Even if you feed an LLM **every single email log** (100% Retrieval), it struggles to mentally map the aggregate flow of information. It biases heavily towards explicit titles (VP, Director) found in Org Charts, ignoring the "Hidden Influencer" who actually bridges the teams.

## The Scenario: Project Omega Communication Breakdown
**Query:** "Who is the single point of failure (bottleneck) for information flow in Project Omega?"

**The Data (Org Chart vs. Reality):**
1.  **Doc 1 (Org Chart):** "**Alice** is the Senior Project Manager. She leads the strategy."
2.  **Doc 2 (Org Chart):** "**Bob** is the VP of Engineering. He approves budget."
3.  **Docs 3-8 (Email Logs):** 
    -   The Dev Team (Dave, Eve) emails **Carol** for everything.
    -   The QA Team (Frank) emails **Carol** for bugs.
    -   The Management (Alice, Bob) emails **Carol** for status updates.
    -   *Crucially:* Alice never emails Dave/Eve directly. Bob never emails Frank directly.
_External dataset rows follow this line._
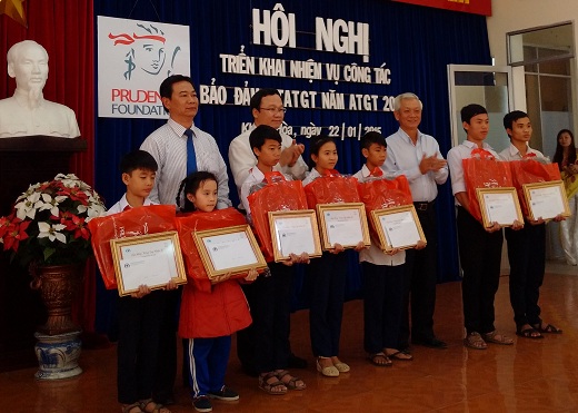 Dịp này, Ủy ban ATGT Quốc gia, Quỹ Prudence (Công ty TNHH Bảo hiểm nhân thọ Prudential) phối hợp trao 11 suất học bổng “Vòng tay nhân ái” cho con của các nạn nhân tử vong do TNGT thuộc diện hộ nghèo, cận nghèo. Mỗi suất trị giá 3 hoặc 5 triệu đồng.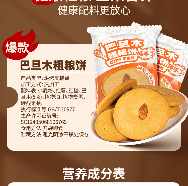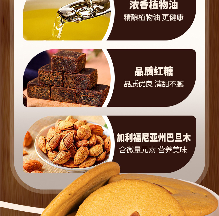 【酥脆口感!浓郁坚果醇香】纯手工巴旦木,果仁香醇!酥脆美味,红糖肚脐饼粗粮饼干夹心办公室下午茶馋嘴零食小吃整箱
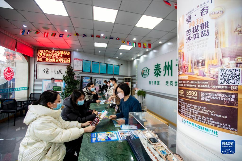 2月9日,市民在江蘇省泰州市青年國際旅行社銷(xiāo)售網(wǎng)點(diǎn)咨詢(xún)。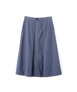 コンパクトヤーンという毛羽の少ない糸を使用した、コットン100%のシャンブレー素材のスカート。高密度に織られたタテヨコ異なる糸による奥行きのある色合いと、製品洗いによって生まれる柔らかな風合いが特長。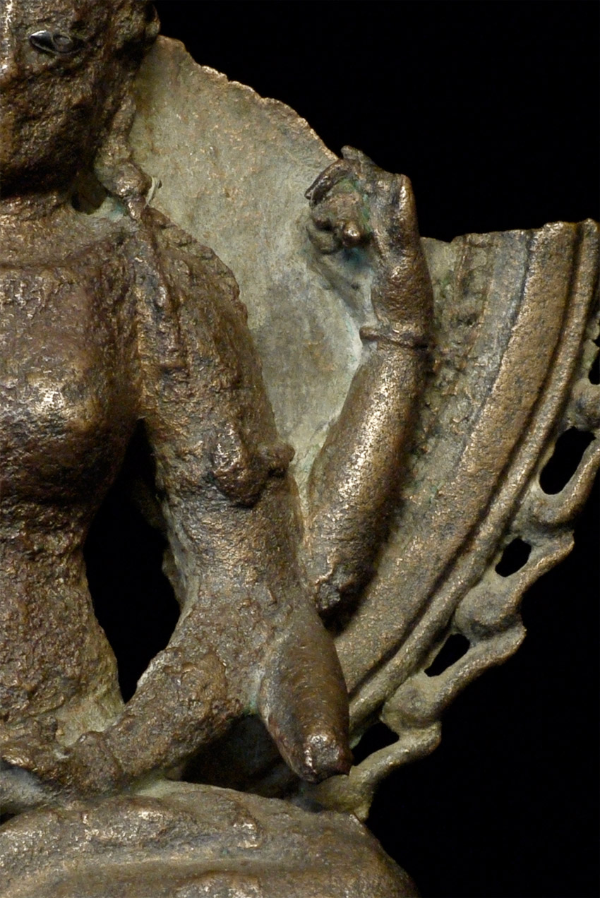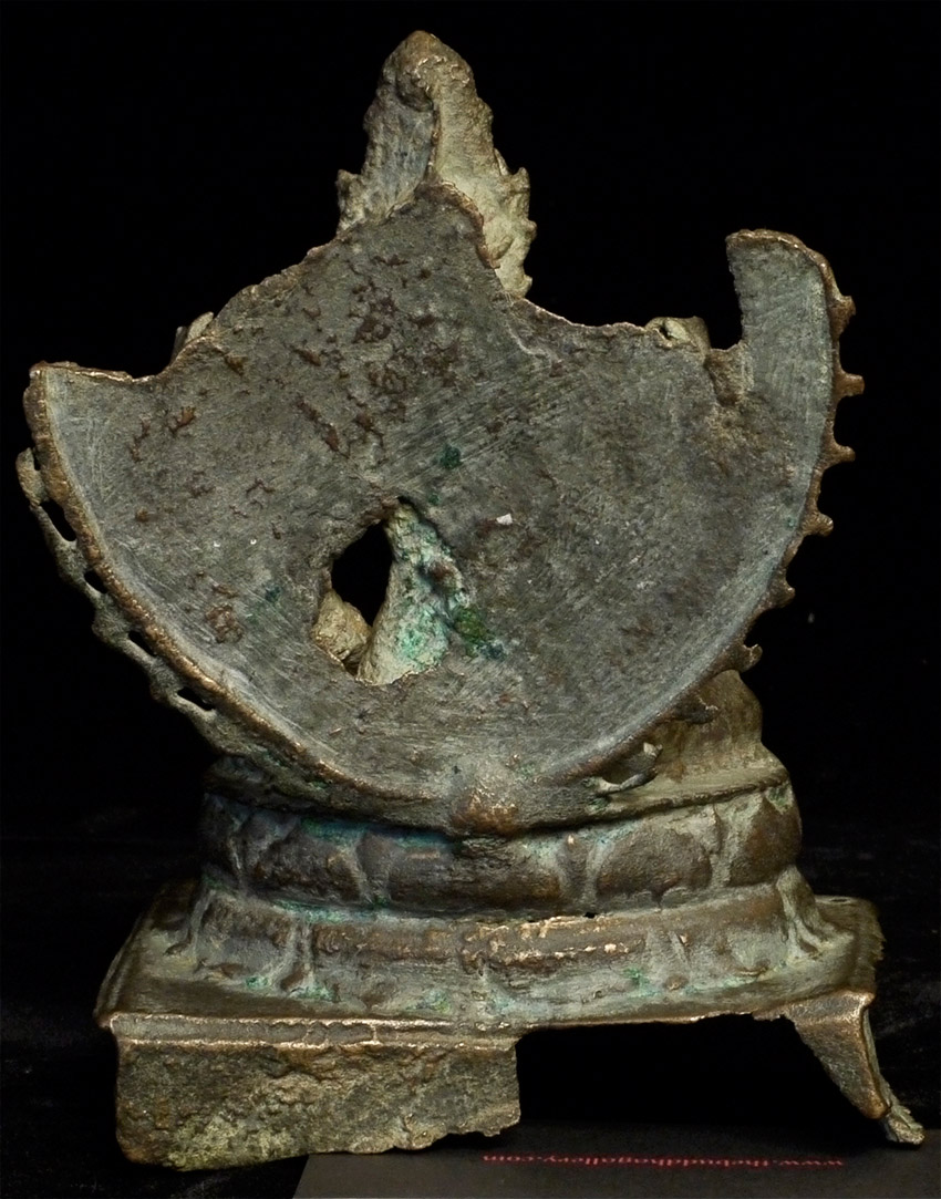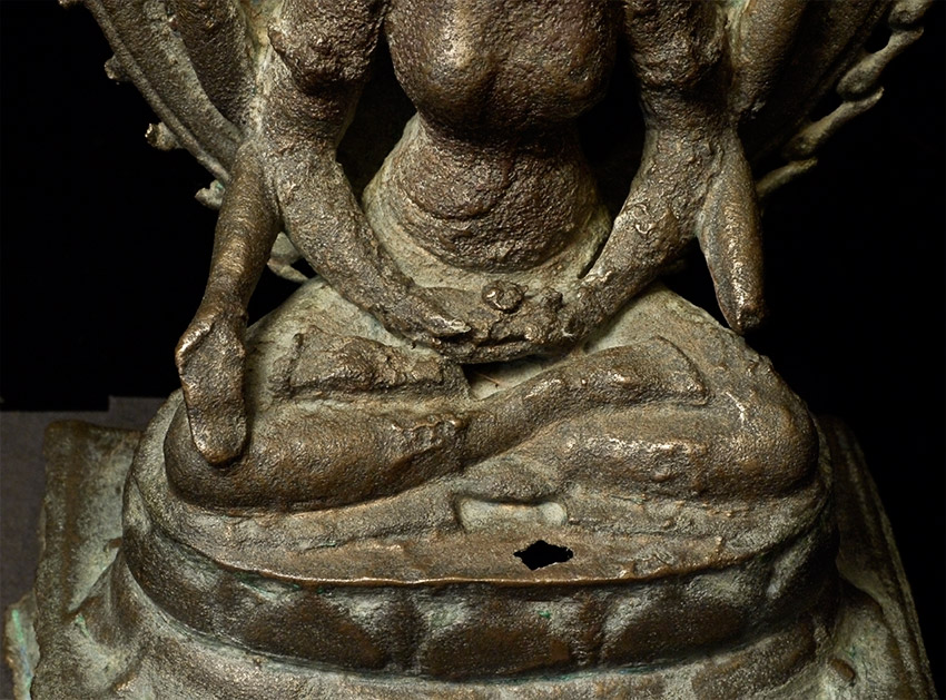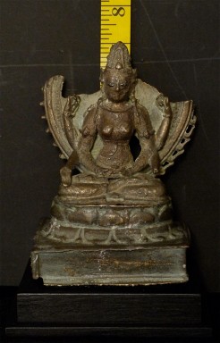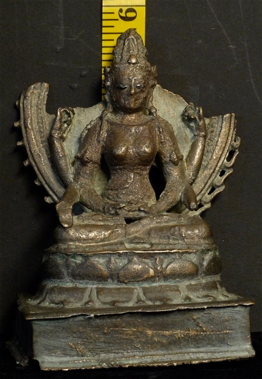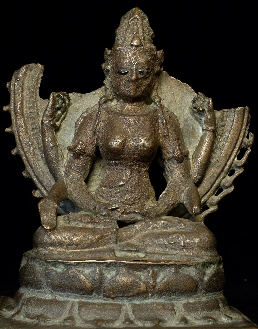Authentic 9th century Indonesian Bodhisattva cast out of a high silver content alloy. Losses, wear, and burial patina as seen in the photos. Still, a magnificent radiant specimen. Rare. Sits 5 5/8 inches tall. Custom base elevates it another 1.25 inches.

**Naive RAG Failure (Even with Full Context):** 
The LLM reads Doc 1 ("Alice is PM") and Doc 2 ("Bob is VP"). It reads the emails but treats them as "noise". 
Answer: *"Alice is the bottleneck because she is the Project Manager responsible for the project."* (A Semantic hallucination based on job description).

**KG Solution:** We build a **Communication Graph**. We run **Betweenness Centrality**. We prove mathematically that Carol is the bridge.

In [None]:
# --- Step 1: Environment Setup ---
!pip install -q langchain langchain-community langchain-huggingface faiss-cpu networkx transformers sentence-transformers accelerate bitsandbytes

In [None]:
import torch
from transformers import pipeline, AutoTokenizer, AutoModelForCausalLM
from langchain_huggingface import HuggingFacePipeline, HuggingFaceEmbeddings
import networkx as nx

# --- Step 2: Load Model ---
model_id = "TinyLlama/TinyLlama-1.1B-Chat-v1.0"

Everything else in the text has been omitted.